Reflecting on the Role of Religion in the Movement to End Poverty
We began the third day of the Poverty Initiative's week-long immersion course with a textual reflection on a biblical passage dealing with the subject of interruptions. No matter what background, faith-based (and all the differences therein) or not, it was a chance to hear from one another about the ways we’ve all been affected by interruptions at some point or another, and to grapple with the role of interruptions in our lives and in our work together.
The biblical text we read is an interruption in and of itself, abruptly inserted into a text otherwise filled with raging battles over land and people. The story is about a widow, deep in debt, faced with having her children taken for failure to pay her husband's creditors. She is a poor woman who defies shame by recognizing and calling out the injustice that she faces. She uses the small amount of oil at her disposal, a boundless supply of courage and faith, and a powerful voice to cry out against the injustice and rally support from her community to amend her situation.
After reading about this story and reflecting on how a present day version of this situation would look, we discussed the nature of interruptions that we face in our own lives. For many of us, it turns out, it was during an interruption that we came to see ourselves clearly reflected in this movement. Many of us have experienced interruptions, like the ones we’ve been experiencing during this trip together, that have deeply and profoundly brought us closer to one another, giving us the chance to recognize our common struggles, and take up the fight to end poverty.

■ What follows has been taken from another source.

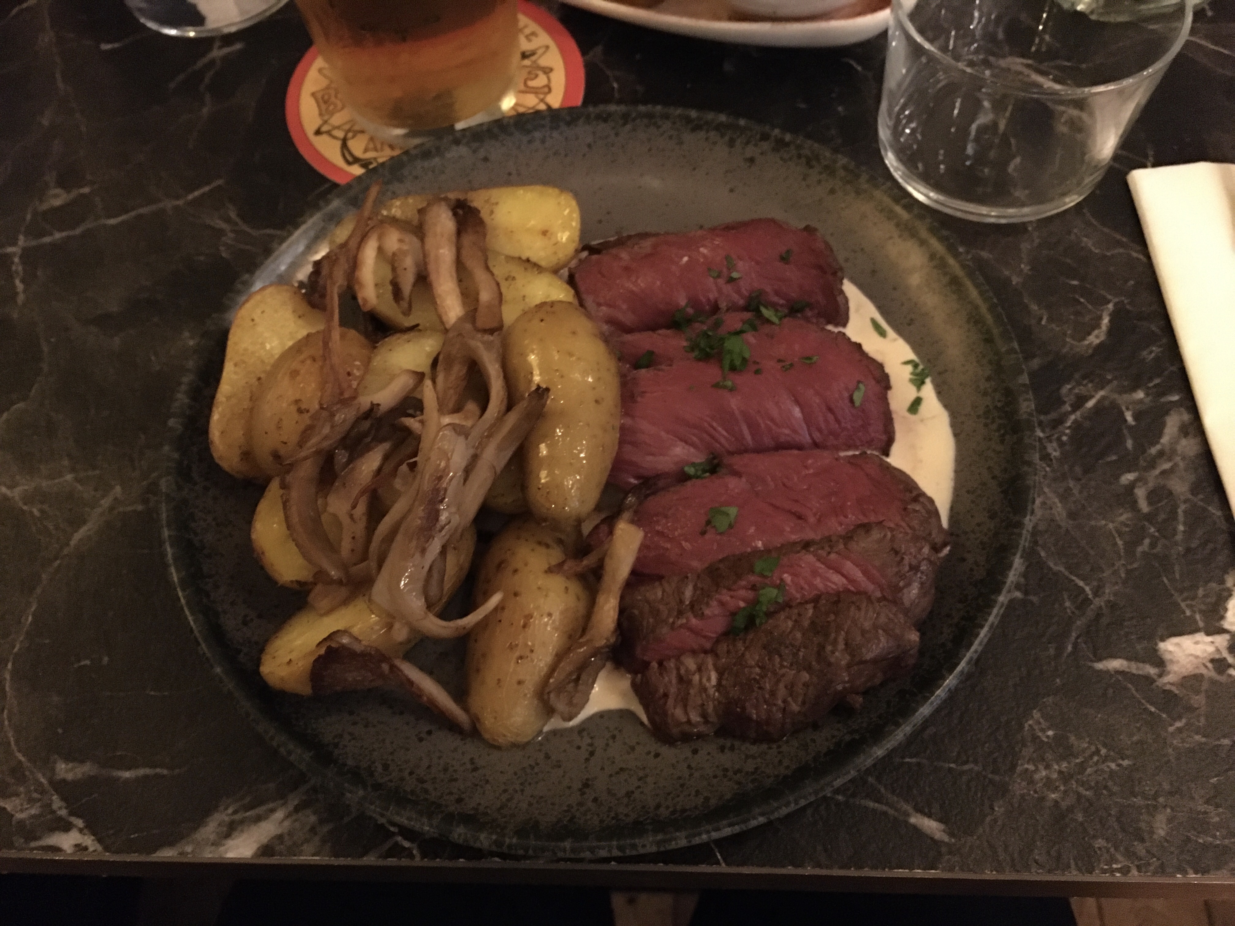 Super bistrot local. Bonne nourriture. J'ai eu l'apéritif poireaux et fromage de chèvre. SUPERBE! Honnêtement, ça vaut tous les euros. Le steak était bon aussi mais avait besoin d'être assaisonné.

We also spoke together about the kinds of interruptions, whether they be illness, eviction, foreclosure or natural disaster, that have disrupted us in deeply personal ways, causing tremendous grief and pain. These kinds of interruptions, too, make it clear why we must build this movement from a broad-based foundation of leaders, united across our different fronts of struggle, to combat poverty. It is the strength of this foundation that will sustain and steady our vision and task, through times of both internal and external crisis. Building this kind of foundation necessitates the ability to communicate in all the many different ways required to grow and develop one another’s clarity, commitment, competency and connection as leaders. And that means we must take on the sometimes uncomfortable and tremendously difficult practice of learning to communicate through and across all divisions and barriers, all experiences and beliefs.